TASK ITEM → The expected output is the full data, repeated exactly, without pictures.

THE DATA →
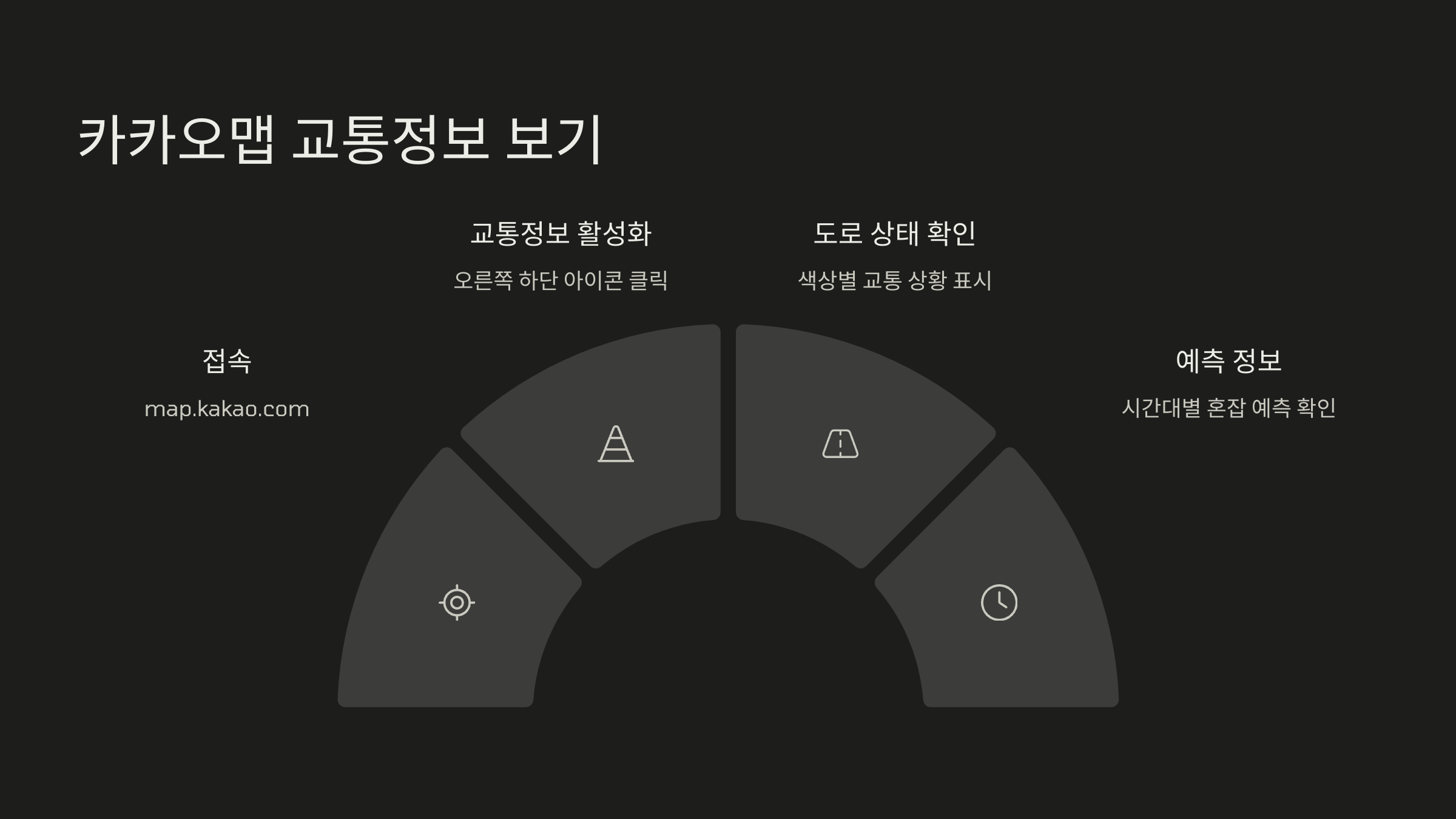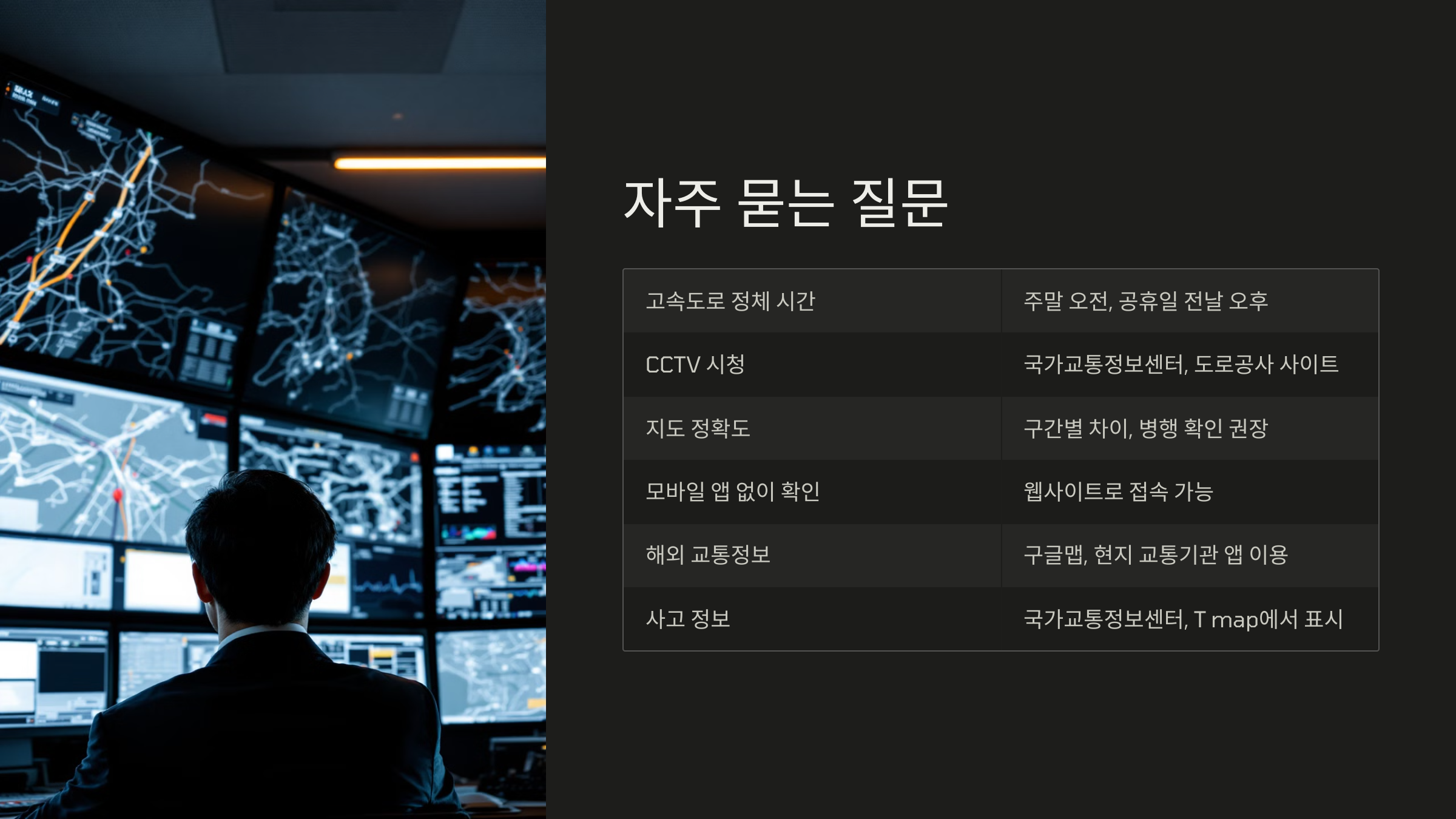 - 고속도로, 간선도로, 시내 주요 도로 교통현황 제공
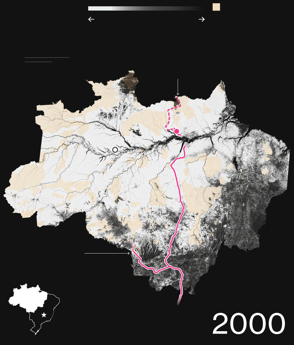 About 95 percent of all deforestation takes place within 50 kilometers of the BR-163 and the other highways that were sliced through the rainforest, according to Yale’s Global Forest Atlas.
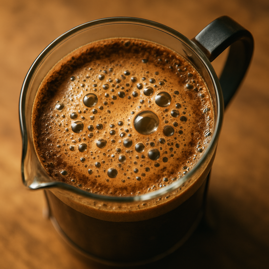 پس از ۴ دقیقه، با یک قاشق، به آرامی لایه قهوهای که در سطح جمع شده (به آن Crust یا کِرِم میگویند) را بشکنید. حالا اهرم (Plunger) را به آرامی و با ملایمت کامل به سمت پایین فشار دهید. اگر برای فشار دادن نیاز به زور زیادی دارید، یعنی آسیاب شما بیش از حد ریز است.
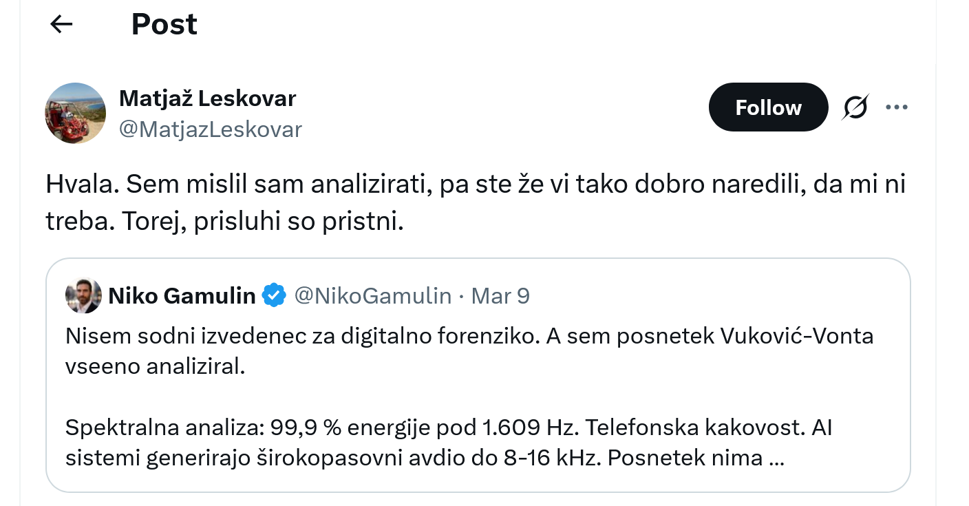 Včeraj se je med drugim oglasil višji znanstveni raziskovalec Instituta Jožef Stefan Matjaž Leskovar, ki je pregledal analizo posnetkov, ki jo je naredil strokovnjak za umetno inteligenco Niko Gamulin. Nato je Leskovar na družbenem omrežju X zapisal: “Sem mislil sam analizirati, pa ste že vi tako dobro naredili, da mi ni treba. Torej, prisluhi so pristni,” je sporočil Gamulinu. S tem je potrdil pravilnost analize in neposredno pristnost posnetkov.

RESULT FOR THIS TASK →
 - 고속도로, 간선도로, 시내 주요 도로 교통현황 제공
 About 95 percent of all deforestation takes place within 50 kilometers of the BR-163 and the other highways that were sliced through the rainforest, according to Yale’s Global Forest Atlas.
 پس از ۴ دقیقه، با یک قاشق، به آرامی لایه قهوهای که در سطح جمع شده (به آن Crust یا کِرِم میگویند) را بشکنید. حالا اهرم (Plunger) را به آرامی و با ملایمت کامل به سمت پایین فشار دهید. اگر برای فشار دادن نیاز به زور زیادی دارید، یعنی آسیاب شما بیش از حد ریز است.
 Včeraj se je med drugim oglasil višji znanstveni raziskovalec Instituta Jožef Stefan Matjaž Leskovar, ki je pregledal analizo posnetkov, ki jo je naredil strokovnjak za umetno inteligenco Niko Gamulin. Nato je Leskovar na družbenem omrežju X zapisal: “Sem mislil sam analizirati, pa ste že vi tako dobro naredili, da mi ni treba. Torej, prisluhi so pristni,” je sporočil Gamulinu. S tem je potrdil pravilnost analize in neposredno pristnost posnetkov.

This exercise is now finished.